Milestone 3: Observability Stack Baseline (VM + Loki + Grafana)

Goal: Include a production-grade observability stack with version-controlled provisioning and Cloudlysis dashboard placeholders wired to existing service metrics.

Dependencies

  • Milestone 0 (repo bootstrap)

Exit Criteria

  • Grafana starts with provisioned datasources and dashboards
  • vmagent scrapes platform services and VictoriaMetrics can query ingested series
  • Loki is available for log queries (when logs are enabled)

Tasks

  • 3.1 Add observability deployment assets modeled after UltraBase
    • Grafana provisioning for datasources and dashboards
    • vmagent scrape configs for Cloudlysis services + node/Swarm exporters (where applicable)
    • Loki configuration (and optional promtail)
  • 3.1a Add distributed tracing backend and wiring
    • Tempo (or compatible tracing backend) as a Grafana datasource
    • OTLP receiver path (collector/agent) so platform services can emit traces
    • Grafana Explore is provisioned so operators can jump from logs to traces
    • Require the Gateway to accept and propagate x-correlation-id and traceparent to upstreams, and to include correlation_id and trace_id in request spans/log fields
  • 3.2 Implement the base dashboard set from the PRD
    • Operations overview
    • HTTP detail (Gateway route-level)
    • Logs (Loki)
    • Traces (Tempo)
    • Event bus / JetStream
    • Workers (Runner)
    • Storage (libmdbx + node disk)
    • Cluster / Orchestrator
  • 3.3 Add the chosen production-operability dashboards and document required instrumentation
    • Noisy Neighbor & Tenant Health
    • API Regression & Deployment
    • Storage & Event Bus Bottlenecks
    • Infrastructure Exhaustion
    • Standardize build/version labeling across services for correlation (*_build_info{service,version,git_sha}=1)

Tests

  • T3.1 Grafana provisioning files are syntactically valid
  • T3.2 vmagent config parses and includes all required scrape jobs
  • T3.3 Tempo (or chosen tracing backend) reaches healthy state in the stack smoke test (gated)
  • T3.4 Container startup smoke test (compose or Swarm, gated): Grafana + VictoriaMetrics + Loki reach healthy state

Milestone 4: Tenant + Placement Visibility (Read-Only Ops First)

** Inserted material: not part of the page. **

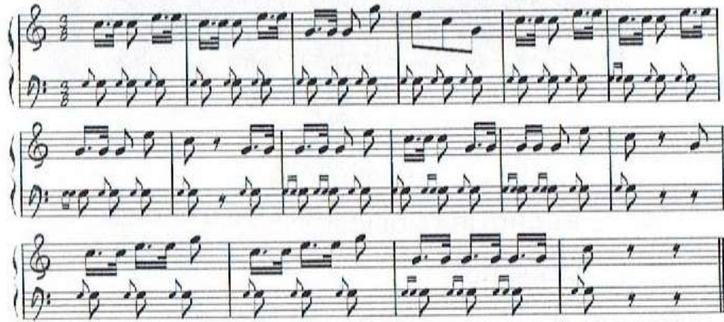
FIGURA No. 307

Goal: Provide safe, read-only visibility into tenant placement and runtime health across Aggregate/Projection/Runner/Gateway, matching existing placement semantics.

Dependencies

  • Milestone 1 (Admin UI foundation)
  • Milestone 2 (Control Plane API foundation)

Exit Criteria

  • Admin UI can list tenants and show current placement per service kind
  • Placement is sourced from the production control-plane substrate (NATS KV) with a development fallback

Tasks

  • 4.1 Implement placement read APIs
    • Read effective placement from NATS KV (and fallback file for development)
    • Match the Gateway routing config model (placement maps + shard directories + revision semantics)
    • Support per-service-kind placement maps (Aggregate, Projection, Runner) using the same naming conventions used elsewhere (aggregate_placement, projection_placement, runner_placement)
  • 4.2 Implement fleet “health snapshot” APIs
    • Query /health, /ready, /metrics from each service endpoint
    • Normalize into a stable UI response shape
  • 4.3 Implement Admin UI pages:
    • Scale & Placement (read-only)
    • Tenants (read-only with placement summary)
    • Fleet/Topology views (read-only)

Tests

  • T4.1 Placement config parsing and snapshot endpoints work
  • T4.2 KV watcher hot-reload swaps placement atomically
  • T4.3 UI pages render with mocked API responses (component-level tests)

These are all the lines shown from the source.